Getty Copper (CVE:GTC) has good debt
Howard Marks said it well when he said that, rather than worrying about stock price volatility, “the possibility of permanent loss is the risk I worry about…and that every practical investor that I know is worried”. So it may be obvious that you need to take debt into account when thinking about the risk of a given stock, because too much debt can sink a business. Above all, Getty Copper Inc. (CVE:GTC) is in debt. But the real question is whether this debt makes the business risky.

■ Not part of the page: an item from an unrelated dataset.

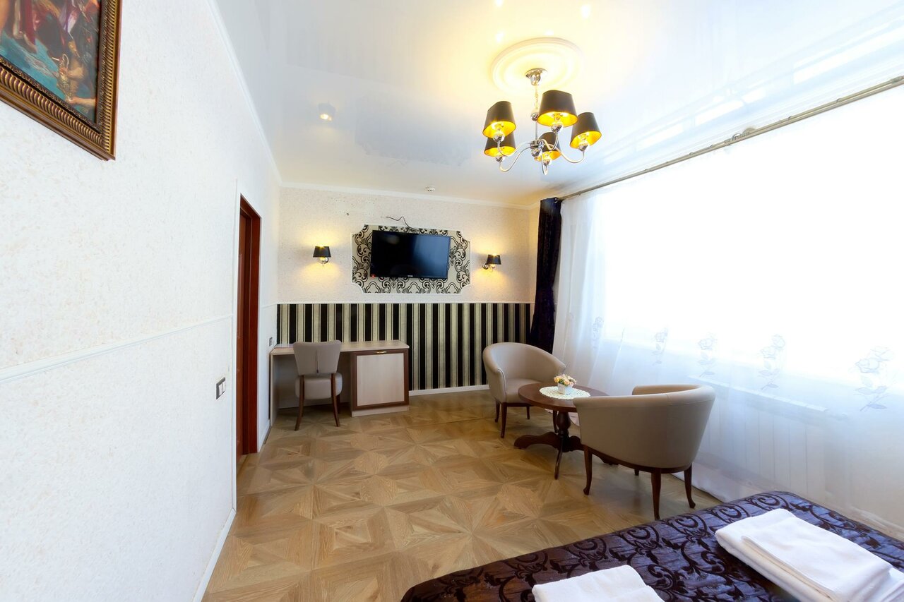 Из плюсов: быстро до вокзала, номер достаточно просторный, администраторы приятные Из минусов:все очень грязное, занавески старые, порванные, полотенца застиранные. Отвратительный запах канализации из ванны
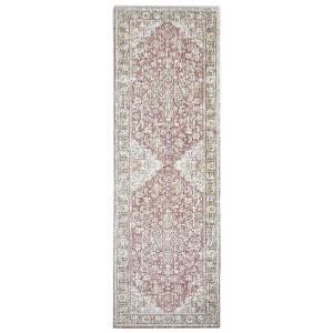 This 8-foot pink and gray medallion runner rug, is a great way to add warmth to a room. Built to last, this rug crafted from polyester fibers is known for its durability and long lasting appeal. Rugs are a great way to showcase your style, hide imperfections, warm your home and reduce noise. This traditional style runner makes a great accent for the hallway, in front of cabinets, in the laundry room, or any other space you need a narrow and long rug. 30.00-inch h x 96.00-inch w x 0.08-inch d.

What risk does debt carry?
Debt helps a business until the business struggles to pay it back, either with new capital or with free cash flow. An integral part of capitalism is the process of “creative destruction” where bankrupt companies are mercilessly liquidated by their bankers. However, a more usual (but still expensive) situation is when a company has to dilute shareholders at a cheap share price just to keep debt under control. Of course, the advantage of debt is that it often represents cheap capital, especially when it replaces dilution in a business with the ability to reinvest at high rates of return. When we look at debt levels, we first consider cash and debt levels, together.

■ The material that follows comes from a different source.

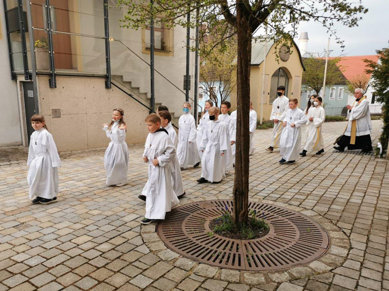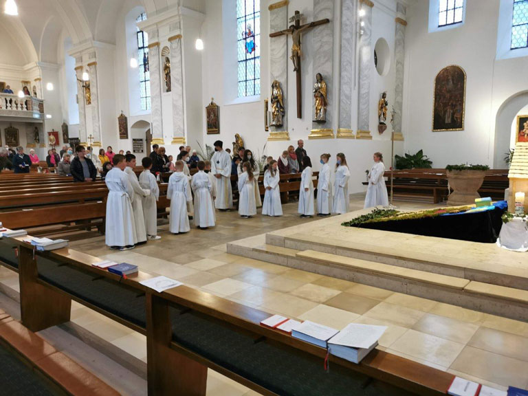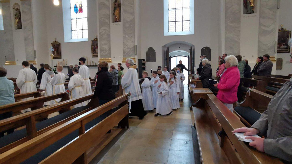 Traditionell gestalten Kommunionkinder und Kirchenchor die Erste und Letzte Maiandacht in Lauterhofen mit. Der erste Tag im Monat Mai wird weltweit als "Tag der Arbeit" begangen.

Our analysis indicates that GTC is potentially overvalued!
How much debt does Getty Copper have?
The image below, which you can click on for more details, shows that in June 2022, Getty Copper had C$2.32 million in debt, up from C$1.98 million in one year. Net debt is about the same, since she doesn’t have a lot of cash.
A Look at Getty Copper’s Responsibilities
Zooming in on the latest balance sheet data, we can see that Getty Copper had liabilities of C$1.58 million due within 12 months and liabilities of C$1.25 million due beyond. In return, he had CA$38.6k in cash and CA$3.3k in receivables due within 12 months. Thus, its liabilities total C$2.78 million more than the combination of its cash and short-term receivables.

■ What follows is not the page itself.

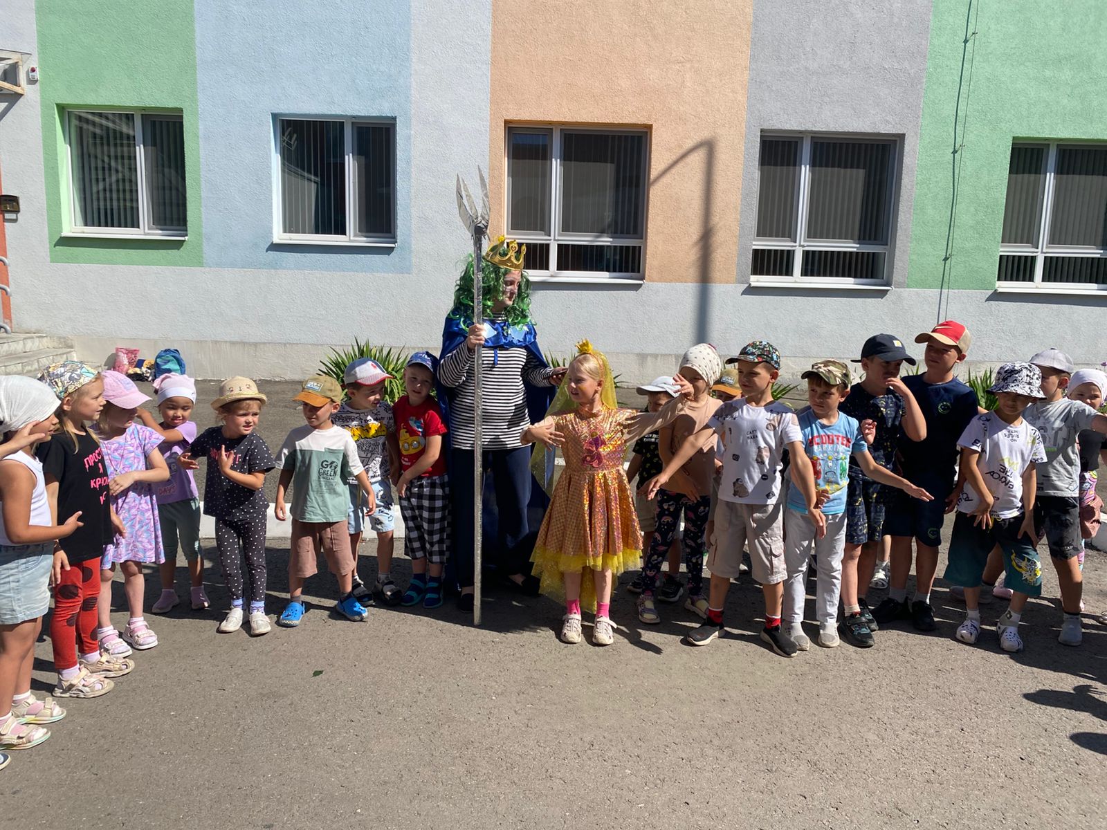 Дети с восторгом встретили Повелителя морей и океанов, который приплыл к нам в гости со своей дочкой. Нептун, с дочкой Ариэль предложили детям посоревноваться: весёлые эстафеты, викторина на морскую тематику. Ребята проявили ловкость, смекалку и находчивость. Повелитель морей и океанов подарил море положительных эмоций, новых знаний и впечатлений.

That shortfall is sizable relative to its C$4.27 million market capitalization, so he suggests shareholders watch Getty Copper’s use of debt. This suggests shareholders would be heavily diluted if the company needed to shore up its balance sheet quickly. When analyzing debt levels, the balance sheet is the obvious starting point. But it’s Getty Copper’s earnings that will influence the balance sheet going forward. So, when considering debt, it is definitely worth looking at the earnings trend. Click here for an interactive preview.
Given that Getty Copper has no significant operating revenue, shareholders are likely hoping it will develop a new mine of value before too long.
It is important to note that Getty Copper posted a loss in earnings before interest and taxes (EBIT) over the past year. Indeed, it lost CA$151,000 in EBIT. When we look at this and recall the liabilities on its balance sheet, versus cash, it seems unwise to us that the company has debt. Quite frankly, we think the track record falls short, although it could improve over time. However, it doesn’t help that he spent CA$691,000 in cash in the past year. In short, it’s a really risky title. The balance sheet is clearly the area to focus on when analyzing debt. However, not all investment risks reside on the balance sheet, far from it. Example: we have identified 4 warning signs for Getty Copper you should be aware, and 3 of them are a bit of a concern.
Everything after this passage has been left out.